Each cluster node gets this bash file:
This code will clear out corosync settings from a node I remove. This resets the services for regular no-cluster usage, and I've used it multiple times with success. This is run on a node AFTER being removed from the cluster.
On the cluster side of things I usually run the usual "pvecm delnode $nodename" once, wait a bit for corosync to propagate, and then remove the reference from /etc/pve/nodes to remove it from the webui. That seems to usually propagate and within 30 minutes I can safely remove a node from a cluster.
Only on one occasion when I was new (and drinking) have I had to completely reconstruct a cluster, but it's not too bad if you absolutely have to.
At a glance at your corosync file, I think you are good, depending on if you want to do any further cleanup as I do above.
Edit: Apparently code block doesn't want more than one line tonight.
I followed other stuff in this thread, and noticed that ProxMox still thought I was part of an existing cluster under Datacenter>Cluster, so figured to give your code a try. Worked perfectly - Proxmox now doesn't think I'm part of a cluster and everything is good with the world again. Thanks
cleaned an aborted Node removal on the (unremoved) node, back to default with your commands! Thanks.

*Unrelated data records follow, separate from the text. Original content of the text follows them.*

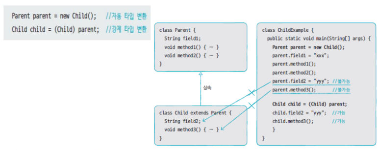 부모 타입으로 자동 타입 변환 이후에는 부모 클래스에 선언된 필드 및 메소드만 접근 가능하다.
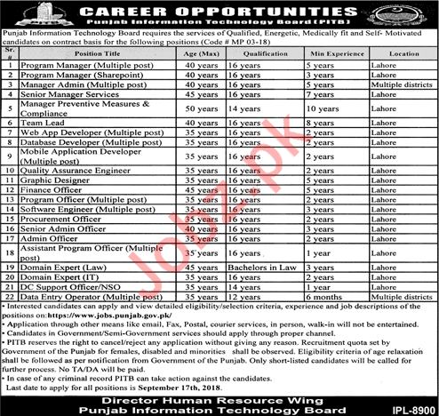 Latest Punjab Information Technology Board PITB IT Posts Lahore 2025
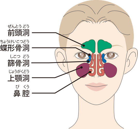 私たちの鼻腔は“副鼻腔”と呼ばれる鼻腔から繋がる空洞がいくつかあります。

trying to acquire cfs lock 'file-corosync_conf' ...
Killing node 2
unable to open file '/etc/pve/corosync.conf.new.tmp.3086546' - Permission denied
At least here´s the error i got. Locally the other node was removed, in GUI everything was still borked. This fixed it.

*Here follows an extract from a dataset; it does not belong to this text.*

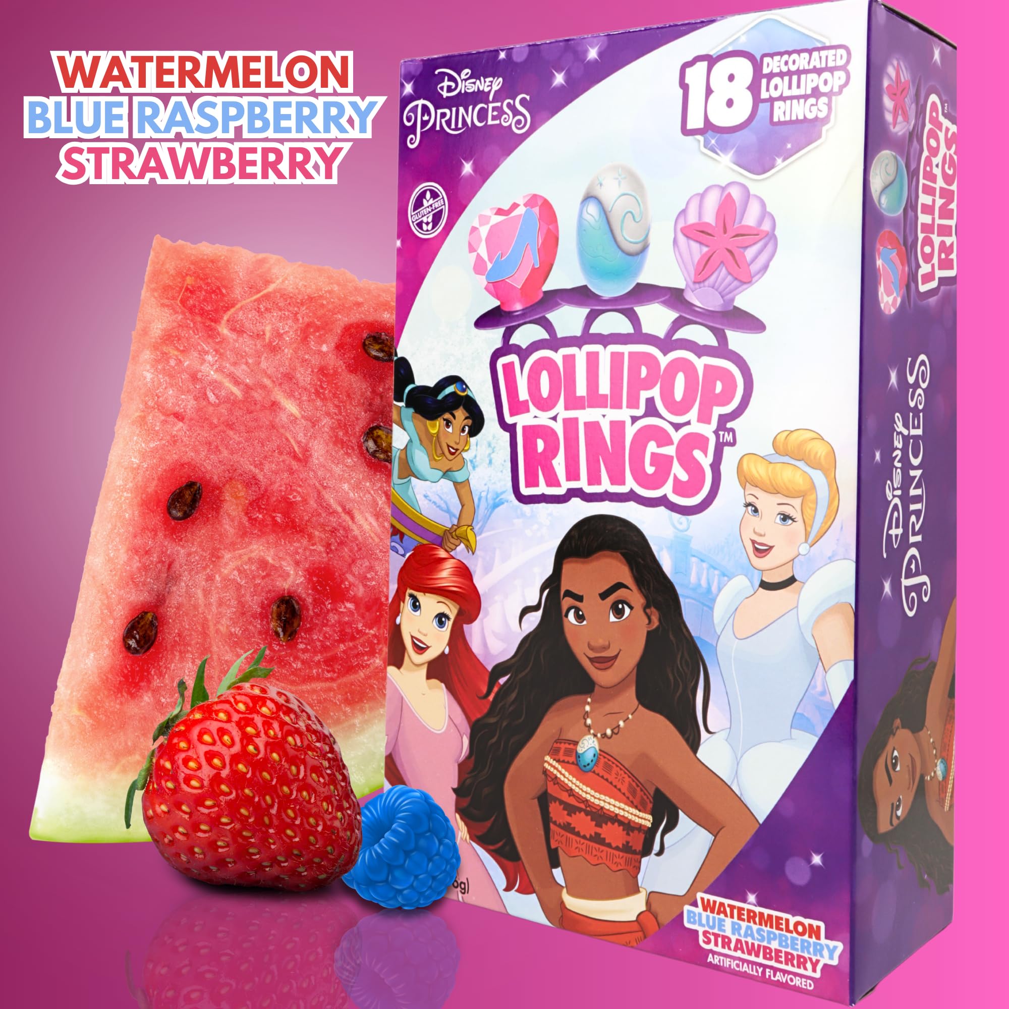BULK CANDY: Box is 7.61 Ounces, 18 Decorated and individually wrapped lollipop rings in each box. Perfect birthday party favors and classroom exchange goodies. LOLLIPOP RINGS are the perfect goodies to take for classroom exchanges! FUN FOR ALL: The iconic lollipop rings with a magical Disney twist. Classmates will love these fun and festive lollipop rings! ASSORTED FLAVORS: Flavors include watermelon, grape and strawberry. ASSORTED FLAVORS: Flavors include watermelon, grape and strawberry. Each individually wrapped lollipop ring has a place to include to and from. Intended for Ages 15 and Up

You can't mess with the cluster when it is degraded.When degraded, the corosync file goes into read only.Power on all the nodes and follow the manual.https://pve.proxmox.com/wiki/Cluster_Manager#_remove_a_cluster_node
Edit: Getting my shit mixed up.
I am following the manual though. The first thing the manual says to do is power off the node you are removing:
On a side note if you have one node of the two off, you might want to give a node two votes temporarily so you can still start containers and VMs.
Edit: Clarified.
Hmm, is that a HA thing? I'm not running in HA mode, and I've had no problems starting/stopping vm's in the past.
Edit: "In the past" meaning back when I ran it as a 2-node cluster.